See the discussion [here](https://github.com/openjdk/jdk/pull/7975#issuecomment-1082464476).

I think that's why `bound - 16` is used rather than simply `bound` in [the JMH case](https://github.com/openjdk/jdk/pull/9068/files#diff-0a47e045a0f44094a7ec1fe7a251cc1d99d9fcd9c330cb33a79dd58e7f21b5d6R163).

**motivation-2**:
An optimization can be introduced, i.e. idealizing `(cmp (cmp3 x y) < 0) to (cmpU x y)`

There is `compareUnsignedIndirect` function in the JMH case to show the performance uplift of this optimization.

### Update the JMH case

I'd like to use `Integer` case as an illustrating example, and I think `Long` can be handled in the similar way.
Here shows my update to the JMH case.

    // Compare between random values.
    // Use big loops
    // Operate with another constant before cmpU3
    @Benchmark
    public void compareUnsignedDirect2(Blackhole bh) {
        int r = 0;
        int inx1 = 0;
        int inx2 = 0;
        int i, e1, e2;
        for (i = 0; i < size; i++) {
            inx1 = intsTiny[i];
            inx2 = intsSmall[i];
            for (i = 0; i < size; i++) {
                inx1 = (inx1 + i) % size;
                inx2 = (inx2 + i) % size;
                e1 = intsBig[inx1];
                e2 = intsBig[inx2];
                r += Integer.compareUnsigned(e1, e2 - 16);
                r -= Integer.compareUnsigned(r, e1 - 16);
                r += Integer.compareUnsigned(r, e2 - 16);
            }
        }
        bh.consume(r);
    }

    @Benchmark
    public void compareUnsignedIndirect2(Blackhole bh) {
        int r = 0;
        int inx1 = 0;
        int inx2 = 0;
        int i, e1, e2;
        for (i = 0; i < size; i++) {
            inx1 = intsTiny[i];
            inx2 = intsSmall[i];
            for (i = 0; i < size; i++) {
                inx1 = (inx1 + i) % size;
                inx2 = (inx2 + i) % size;
                e1 = intsBig[inx1];
                e2 = intsBig[inx2];
                r += (Integer.compareUnsigned(e1, e2 - 16) < 0) ? 1 : 0;
                r -= (Integer.compareUnsigned(r, e1 - 16) < 0) ? 1 : 0;
                r += (Integer.compareUnsigned(r, e2 - 16) < 0) ? 1 : 0;
            }
        }
        bh.consume(r);
    }

Note-1: random values are passed to `compareUnisnged` to evaluate `branch predication` affect. Inevitably, memory load is introduced in the inner loop, i.e. getting the values of `e1` and `e2`.
Note-2: big loops are used. In my evaluation, I passed `10240` to parameter `size`.
Note-3: more `compareUnisnged` operations are done in the inner loop.
Note-4: similarly, we pass `- 16` to `compareUnsigned` and use `Direct/Indirect` versions.

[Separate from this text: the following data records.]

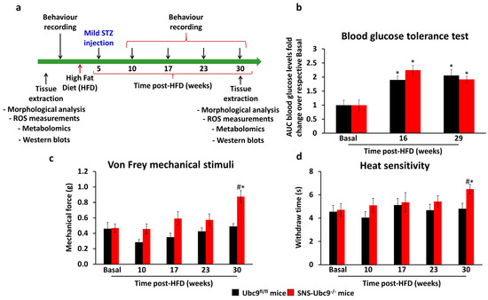 Analysis of hyperglycaemia and behavioural measurements of mice lacking SUMOylation in peripheral nociceptive neurons or control mice in a type 2 model of diabetes in a longitudinal study spanning 30 weeks. (a) Experimental scheme for the used model to induce type 2 diabetes and the time points testing for mechanical sensitivity (von Frey) and heat sensitivity (Hargreaves). (b) Analysis of blood glucose tolerance tests at different stages throughout type 2 diabetes. The area under the curve was analysed. N = 6 mice/genotype; two-way ANOVA test was performed. * p ≤ 0.05 compared to basal. Data are expressed as mean ± SEM. (c,d) Course of DPN-associated changes in the response threshold and thermal latency before and after inducing type 2 diabetes. N = 6 mice/genotype; repeated two-way ANOVA test was performed. * p ≤ 0.05 compared to basal, # p ≤ 0.05 compared to the control group. Data are expressed as mean ± SEM.
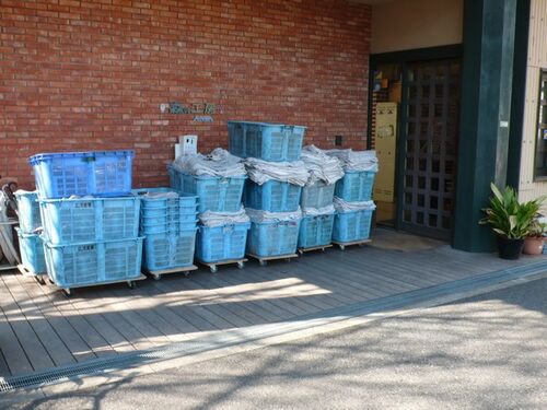 朝、森の工房AMAの入り口に折りたたんだ作業服が積まれている。 この荷物をトラックに積んで、 南区のクリーニング工場に納品する。今日の当番は森の工房やの・生活介護オリーブ班だ。 森の工房AMAの屋上のブルーベリーの剪定5。南側は7列植えている。6列が…
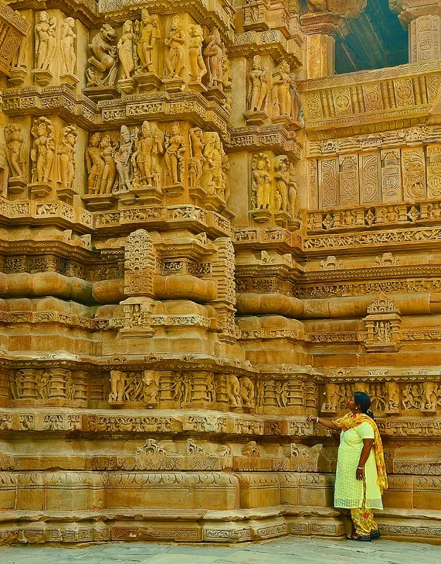 This was shot in May 2009 at Lakshmana Temple, Khajuraho, MP, India while a tourist was observing the beauty of medieval art and erotic sculpture. This temple was built during AD 930-950.
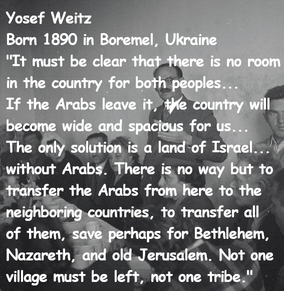 "It must be clear that there is no room in the country for both peoples... If the Arabs leave it, the country will become wide and spacious for us... The only solution is a land of Israel... without Arabs. There is no way but to transfer the Arabs from here to the neighboring countries, to transfer all of them, save perhaps for Bethlehem, Nazareth, and old Jerusalem. Not one village must be left, not one tribe." -- Yosef Weitz
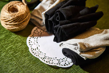 Several pairs of new male cotton socks on a green surface, skein of thread and flowers background. The concept of coziness and comfort. Gift to a man and taking care of him
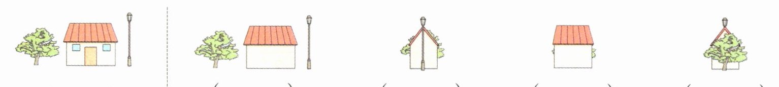 5. 下面右边的哪些照片拍的也是小花家的房子?在对应的括号里画“√”。
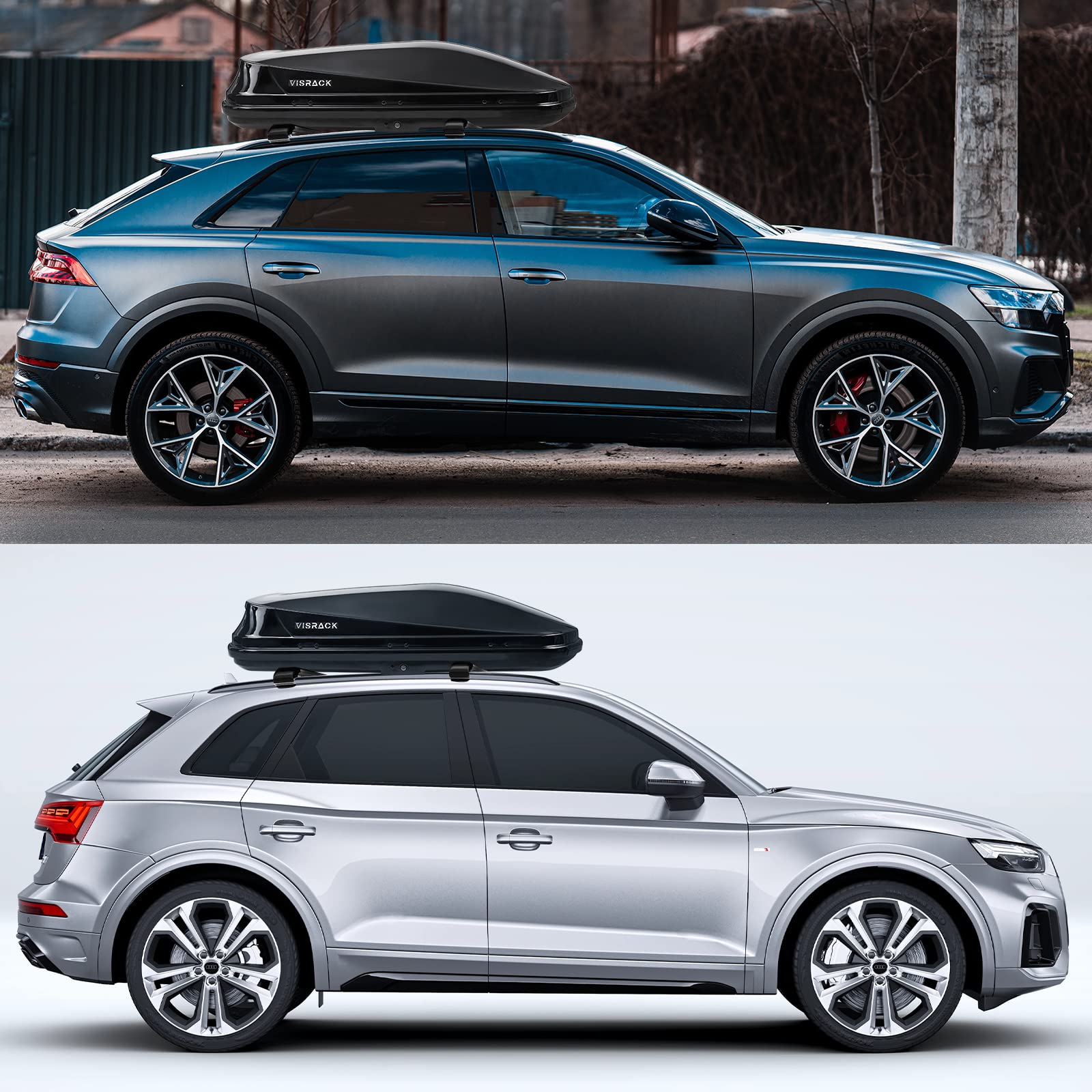 - 【High-Quality Material】The roof box is manufactured from sturdy ABS and PMMA material for long-lasting use, able to protect your valuables from exposure to the elements and can load 130 lbs capacity, suitable for round, square, factory and most aerodynamic bars.

### Evaluation data on x86 and aarch64

Note-1: `before` means `disable intrinsic _compareUnsigned_i`, and `after` means `enable it`.
Note-2: the unit is `us/op`. The smaller, the better.

For case **compareUnsignedDirect2**

on AArch64:
  after : 55.144 ± 8.887  us/op
  before: 51.423 ± 6.891  us/op

on x86:
  after : 70.549 ± 3.729  us/op
  before: 67.781 ± 2.876  us/op

For case **compareUnsignedIndirect2**

on AArch64:
  after : 48.915 ± 11.054  us/op
  before: 52.782 ±  8.264  us/op

on x86:
  after : 68.107 ± 3.768  us/op
  before: 70.231 ± 3.966  us/op

>From the evaluation data, we can see
1) There are **performance regression** for case **compareUnsignedDirect2** on both aarch64 and x86.
I checked the C2 generated code for this case on aarch64, and I don't think `e - 16` can prevent the C2 transformation " x+min_val OP y+min_val -> x uOP y". 
I think C2 can generate good enough code and our intrinsic didn't win.
Perhaps, **motivation-1** is not accurate??

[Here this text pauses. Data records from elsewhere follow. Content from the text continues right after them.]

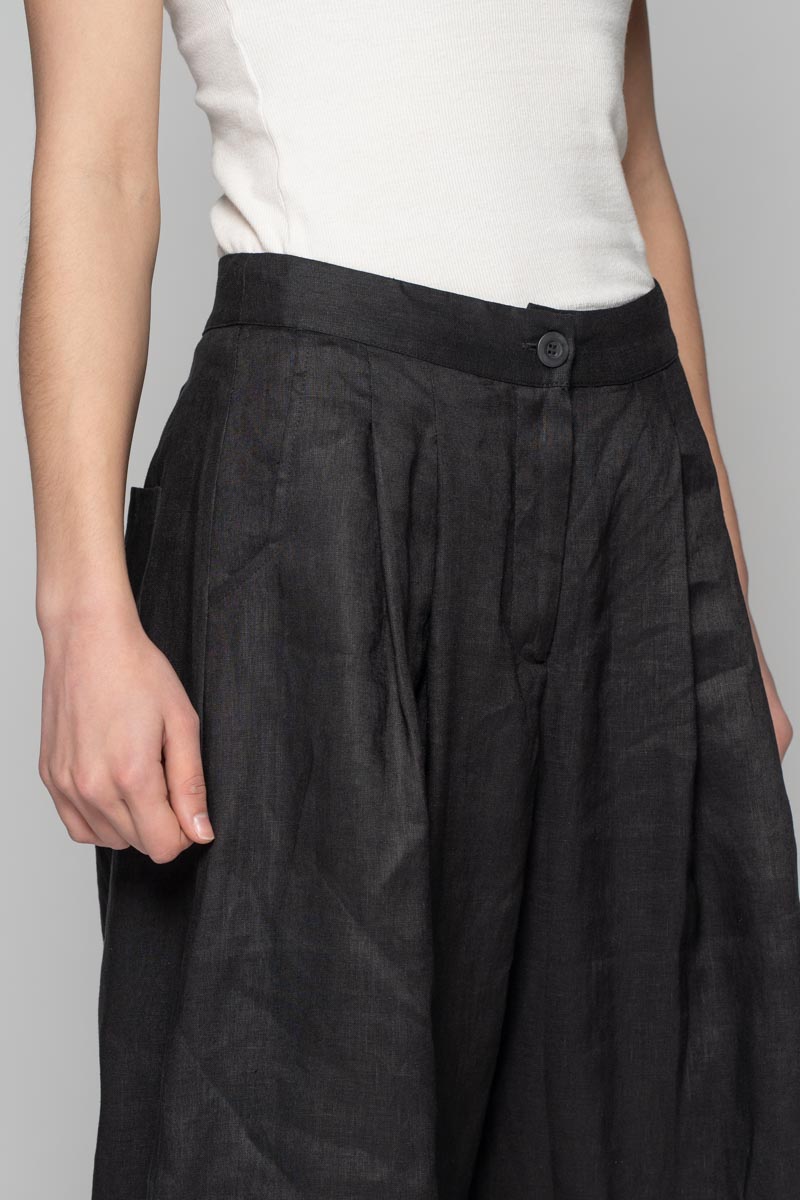 Ease and lightness for warm days. Cut in pure linen, the Ouna Pants skim the waist, fall into a soft, relaxed volume through the leg, and taper gently at the ankle for a balanced silhouette. A smooth front with an elasticated back keeps the fit comfortable and flattering. Pair with the Oki Top for an effortless summer set.
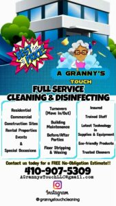 My story is probably like some others as in when you have a vision; you act on it. I’ve also dreamed of owning and building a business of my own. Particularly due to my daughter and wanting to provide her as best I can so that she may see the possibilities of making her own staple in life, owning your own, and being self-employed. After my tenure at Bowie State University, I started a few businesses but didn’t get that feeling of satisfaction. I had been working as a coordinator at Baltimore City Community College. In my position, I enjoyed helping students, but I knew I could also be helpful in another arena. I had a grandmother who cleaned for a living at that time, and people loved her work. She had longtime customers and took on new customers if and when she could. While working at BCCC, I would still help my grandmother on cleaning jobs. In helping her, I was learning useful tools that I never realized mattered so much with cleaning. But as my grandmother told me, if ”Brandon, if you want to do a good job, you have to be thorough.” My grandmother was known for being thorough and detailed in her cleaning, so detailed that often she would be really tired after a day of work. She would pull dressers, chairs, and tables out and clean behind them, cleaning baseboards, making beds, and carefully tucking and folding the sheets, which looked very impressive. At the end of the cleanings, people could tell she had been there as they complimented the fresh scents that surfaced the hall and stairways. She just had that “granny’s touch.” I thought to myself cleaning would be a great business as I was already use to the experience of cleaning in and around my home and my grandparents’ home. I also learned that there were people who either did not like to clean, did not have the time, or just preferred to hire professional cleaning services. As I’m working my 8-5 – 40 hours a week job (of which I was grateful for), I decided to begin working on starting my own cleaning business. This business could afford me the opportunity to not only help others with their cleaning needs but to allow me to decide my own hours of work and to eventually build a business that may outlive me and create a family establishment to live on through my daughter. I stopped working at BCCC and started my cleaning company (A Grannys Touch, LLC). Within six months, I accepted my first cleaning contract for Mayflower Apartments in Baltimore City. From there on A Grannys Touch, LLC has serviced several businesses repeatedly and offered numerous referrals (Huey Brand, Euphoria Night Club, Papi Cusine, Ouftur Brand, Waaah Clothing, Bella Bliss Spa, Towson Nights Hooka Lounge, Unitz by Jaz, Rite Aids, Value City, Daikeara Hair Salon, BJ Mallards Bar, and grill, Purple Peach Nail Bar, Soul Source Restaurant, PYT Training Studio, Fresh Kicks Sneaker Laundry, Munchies Food Truck, LOM Tags and Title, Paparazzi Spa, UREE Real Estate, Style 4 You Boutique, TV Biddys, Elevated Towing Services, The Beauty Room Salon, Salontra Suites, Sashae Selections, 2021 Hooka Lounge, Hood Fellas Brisro, and Catering to name a few. In addition, during the initial COVID-19 epidemic, I also serviced many establishments in creating a fresh, clean, and sanitized environment. A Granny’s Touch LLC lives on! “Who doesn’t want a Granny’s Touch.”
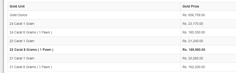 22 கரட் ஒரு பவுண் தங்கத்தின் விலை இன்று 169,950 ரூபாவாக பதிவாகியுள்ளது

2) There are **slight performance uplifts** for case **compareUnsignedIndirect2** on both aarch64 and x86.
Hence, the idealization optimization (See **motivation-2**) works.
I checked the generated code with this optimization and the sequence `cmp; cset; cneg` is gone.

With the investigation above, I personally don't have strong reason to introduce this intrinsic to aarch64 part.
WDYT? @theRealAph 

Besides, it would be nice if you could take a look at this discussion @merykitty?
Is there anything I missed or misunderstood? Thanks in advance.

-------------

PR: https://git.openjdk.org/jdk/pull/11383